__Assignment__.
Here are some records. Print all of them exactly.

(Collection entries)
= Beginning of Section =

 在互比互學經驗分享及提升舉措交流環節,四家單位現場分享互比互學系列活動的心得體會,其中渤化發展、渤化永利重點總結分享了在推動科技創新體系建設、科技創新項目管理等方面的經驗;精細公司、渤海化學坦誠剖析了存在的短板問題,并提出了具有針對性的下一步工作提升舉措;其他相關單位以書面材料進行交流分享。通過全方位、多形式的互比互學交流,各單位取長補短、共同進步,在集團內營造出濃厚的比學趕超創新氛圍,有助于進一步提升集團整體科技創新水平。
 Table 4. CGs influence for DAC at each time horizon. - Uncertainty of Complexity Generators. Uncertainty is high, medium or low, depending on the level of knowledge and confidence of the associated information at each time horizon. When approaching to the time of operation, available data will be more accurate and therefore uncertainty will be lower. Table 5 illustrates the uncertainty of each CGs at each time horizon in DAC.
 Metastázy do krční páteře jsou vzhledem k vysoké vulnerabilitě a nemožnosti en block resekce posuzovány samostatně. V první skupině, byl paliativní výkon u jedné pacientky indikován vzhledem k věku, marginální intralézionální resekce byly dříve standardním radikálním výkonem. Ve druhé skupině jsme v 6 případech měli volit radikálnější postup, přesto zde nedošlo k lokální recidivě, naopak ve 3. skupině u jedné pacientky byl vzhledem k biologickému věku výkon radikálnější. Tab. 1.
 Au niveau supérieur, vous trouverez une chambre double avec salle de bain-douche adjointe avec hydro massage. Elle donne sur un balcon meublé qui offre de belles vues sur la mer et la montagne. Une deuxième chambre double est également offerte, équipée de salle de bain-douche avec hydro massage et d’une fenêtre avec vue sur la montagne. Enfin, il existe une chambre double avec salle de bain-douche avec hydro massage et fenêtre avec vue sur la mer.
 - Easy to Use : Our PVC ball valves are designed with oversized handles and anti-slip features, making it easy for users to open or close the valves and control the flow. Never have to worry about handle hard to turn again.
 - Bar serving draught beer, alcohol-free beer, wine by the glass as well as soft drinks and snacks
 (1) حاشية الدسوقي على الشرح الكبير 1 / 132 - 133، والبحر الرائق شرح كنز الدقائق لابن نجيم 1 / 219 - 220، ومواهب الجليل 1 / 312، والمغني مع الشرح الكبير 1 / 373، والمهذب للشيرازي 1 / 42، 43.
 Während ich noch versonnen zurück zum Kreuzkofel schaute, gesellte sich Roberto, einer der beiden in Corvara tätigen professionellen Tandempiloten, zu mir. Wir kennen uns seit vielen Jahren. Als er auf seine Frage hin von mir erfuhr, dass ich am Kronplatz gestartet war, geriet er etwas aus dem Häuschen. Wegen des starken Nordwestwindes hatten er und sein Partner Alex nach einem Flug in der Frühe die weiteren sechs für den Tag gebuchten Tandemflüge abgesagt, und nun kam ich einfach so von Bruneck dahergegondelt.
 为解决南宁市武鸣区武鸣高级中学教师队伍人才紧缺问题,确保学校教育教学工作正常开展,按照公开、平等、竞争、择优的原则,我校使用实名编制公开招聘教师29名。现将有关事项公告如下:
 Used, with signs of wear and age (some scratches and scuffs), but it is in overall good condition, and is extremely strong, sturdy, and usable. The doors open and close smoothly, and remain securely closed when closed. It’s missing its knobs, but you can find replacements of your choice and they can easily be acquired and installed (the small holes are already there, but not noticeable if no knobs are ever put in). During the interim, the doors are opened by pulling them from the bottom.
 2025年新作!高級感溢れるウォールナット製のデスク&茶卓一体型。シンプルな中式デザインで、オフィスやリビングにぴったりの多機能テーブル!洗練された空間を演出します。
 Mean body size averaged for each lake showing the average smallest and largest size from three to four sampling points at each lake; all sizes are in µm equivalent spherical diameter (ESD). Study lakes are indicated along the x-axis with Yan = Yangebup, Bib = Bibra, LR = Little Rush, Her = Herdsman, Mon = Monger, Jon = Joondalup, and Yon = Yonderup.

= End of Section =

__Exercise output__.
 在互比互學經驗分享及提升舉措交流環節,四家單位現場分享互比互學系列活動的心得體會,其中渤化發展、渤化永利重點總結分享了在推動科技創新體系建設、科技創新項目管理等方面的經驗;精細公司、渤海化學坦誠剖析了存在的短板問題,并提出了具有針對性的下一步工作提升舉措;其他相關單位以書面材料進行交流分享。通過全方位、多形式的互比互學交流,各單位取長補短、共同進步,在集團內營造出濃厚的比學趕超創新氛圍,有助于進一步提升集團整體科技創新水平。
 Table 4. CGs influence for DAC at each time horizon. - Uncertainty of Complexity Generators. Uncertainty is high, medium or low, depending on the level of knowledge and confidence of the associated information at each time horizon. When approaching to the time of operation, available data will be more accurate and therefore uncertainty will be lower. Table 5 illustrates the uncertainty of each CGs at each time horizon in DAC.
 Metastázy do krční páteře jsou vzhledem k vysoké vulnerabilitě a nemožnosti en block resekce posuzovány samostatně. V první skupině, byl paliativní výkon u jedné pacientky indikován vzhledem k věku, marginální intralézionální resekce byly dříve standardním radikálním výkonem. Ve druhé skupině jsme v 6 případech měli volit radikálnější postup, přesto zde nedošlo k lokální recidivě, naopak ve 3. skupině u jedné pacientky byl vzhledem k biologickému věku výkon radikálnější. Tab. 1.
 Au niveau supérieur, vous trouverez une chambre double avec salle de bain-douche adjointe avec hydro massage. Elle donne sur un balcon meublé qui offre de belles vues sur la mer et la montagne. Une deuxième chambre double est également offerte, équipée de salle de bain-douche avec hydro massage et d’une fenêtre avec vue sur la montagne. Enfin, il existe une chambre double avec salle de bain-douche avec hydro massage et fenêtre avec vue sur la mer.
 - Easy to Use : Our PVC ball valves are designed with oversized handles and anti-slip features, making it easy for users to open or close the valves and control the flow. Never have to worry about handle hard to turn again.
 - Bar serving draught beer, alcohol-free beer, wine by the glass as well as soft drinks and snacks
 (1) حاشية الدسوقي على الشرح الكبير 1 / 132 - 133، والبحر الرائق شرح كنز الدقائق لابن نجيم 1 / 219 - 220، ومواهب الجليل 1 / 312، والمغني مع الشرح الكبير 1 / 373، والمهذب للشيرازي 1 / 42، 43.
 Während ich noch versonnen zurück zum Kreuzkofel schaute, gesellte sich Roberto, einer der beiden in Corvara tätigen professionellen Tandempiloten, zu mir. Wir kennen uns seit vielen Jahren. Als er auf seine Frage hin von mir erfuhr, dass ich am Kronplatz gestartet war, geriet er etwas aus dem Häuschen. Wegen des starken Nordwestwindes hatten er und sein Partner Alex nach einem Flug in der Frühe die weiteren sechs für den Tag gebuchten Tandemflüge abgesagt, und nun kam ich einfach so von Bruneck dahergegondelt.
 为解决南宁市武鸣区武鸣高级中学教师队伍人才紧缺问题,确保学校教育教学工作正常开展,按照公开、平等、竞争、择优的原则,我校使用实名编制公开招聘教师29名。现将有关事项公告如下:
 Used, with signs of wear and age (some scratches and scuffs), but it is in overall good condition, and is extremely strong, sturdy, and usable. The doors open and close smoothly, and remain securely closed when closed. It’s missing its knobs, but you can find replacements of your choice and they can easily be acquired and installed (the small holes are already there, but not noticeable if no knobs are ever put in). During the interim, the doors are opened by pulling them from the bottom.
 2025年新作!高級感溢れるウォールナット製のデスク&茶卓一体型。シンプルな中式デザインで、オフィスやリビングにぴったりの多機能テーブル!洗練された空間を演出します。
 Mean body size averaged for each lake showing the average smallest and largest size from three to four sampling points at each lake; all sizes are in µm equivalent spherical diameter (ESD). Study lakes are indicated along the x-axis with Yan = Yangebup, Bib = Bibra, LR = Little Rush, Her = Herdsman, Mon = Monger, Jon = Joondalup, and Yon = Yonderup.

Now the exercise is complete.